Member of the Legislative Assembly of Saskatchewan
- In office 1917–1925
- In office 1927–1938

Personal details
- Born: October 25, 1880 Birsay, Orkney Islands, Scotland
- Died: March 4, 1975 (aged 94) Regina, Saskatchewan
- Party: Liberal
- Other political affiliations: Liberal Party of Saskatchewan
- Cabinet: Provincial: Minister of Railways Minister of Highways Minister of Railways, Labour and Industries Minister of Agriculture Minister of Public Works

= George Spence (Canadian politician) =

Canadian politician

George Spence, (October 25, 1880 - March 4, 1975) was a Canadian provincial and federal politician.

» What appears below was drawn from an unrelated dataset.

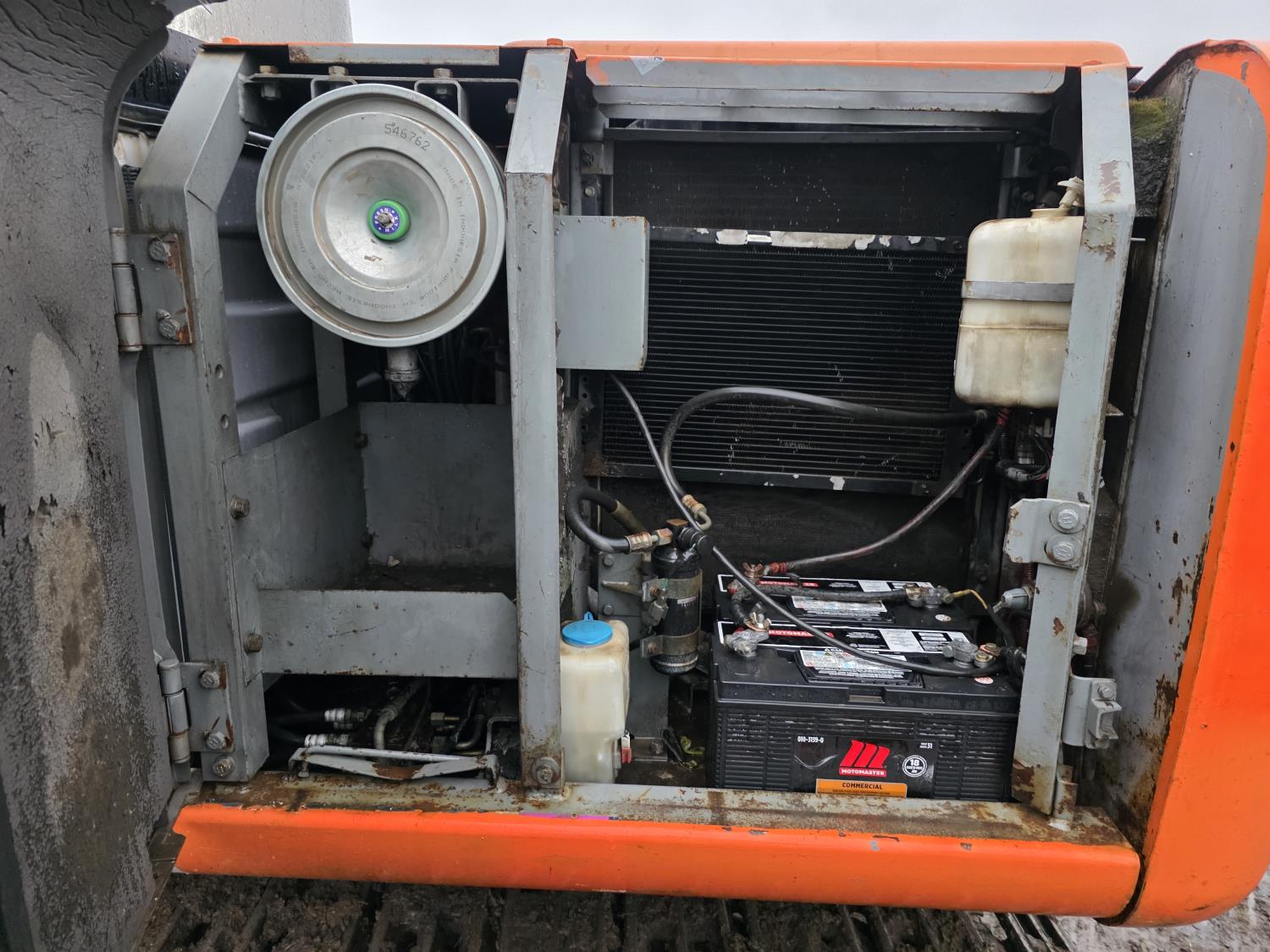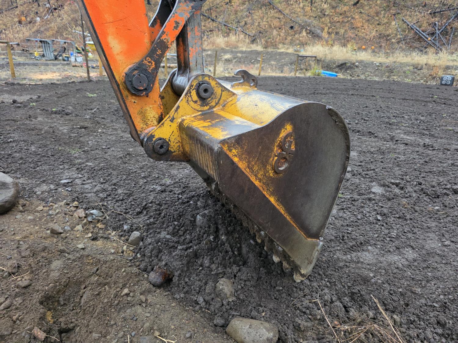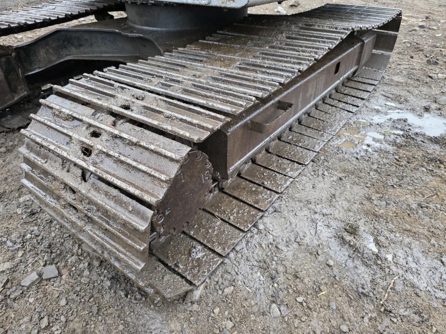 Enclosed cab, A/C, pilot controls, Isuzu 4BD1T Turbo Diesel Engine, 80HP, 52 inch cleanup bucket, 27.5 inch track pads, triple grousers

Born in Birsay, Orkney Islands, Scotland, the son of Thomas Spence and Elizabeth Hunter, he studied electrical engineering at the Leith Academy Technical College and emigrated to Canada in 1900 to pan for gold in the Yukon. In 1903, he moved to Austin, Manitoba where he was a farmer. In 1912, he moved to Monchy, Saskatchewan. He was first elected to the Legislative Assembly of Saskatchewan in 1917 for the riding of Notukeu. A Liberal, he was re-elected in 1921 and 1925. He resigned his provincial seat in 1925 and was elected in the 1925 federal election in the riding of Maple Creek. A Liberal, he was re-elected in the 1926 federal election. He resigned his seat in 1927 to re-enter provincial politics, where he was appointed Minister of Railways. He was also Minister of Highways, Minister of Railways, Labour and Industries, Minister of Agriculture, and Minister of Public Works. He would serve until 1938 when he was appointed Director of the Prairie Farm Rehabilitation Administration. From 1947 to 1957, he was a member of the International Joint Commission, an independent binational organization established by the United States and Canada under the International Boundary Waters Treaty of 1909.

In 1919, Spence married Ivy Irene May. They had two daughters.

In 1946 he was made Commander of the Order of the British Empire and was awarded an Honorary Doctor of Law degree from the University of Saskatchewan in 1948. In 1974, he was inducted into the Saskatchewan Agricultural Hall of Fame.

He was the author of Survival of a Vision, published in 1967.

Spence died in Regina at the age of 94.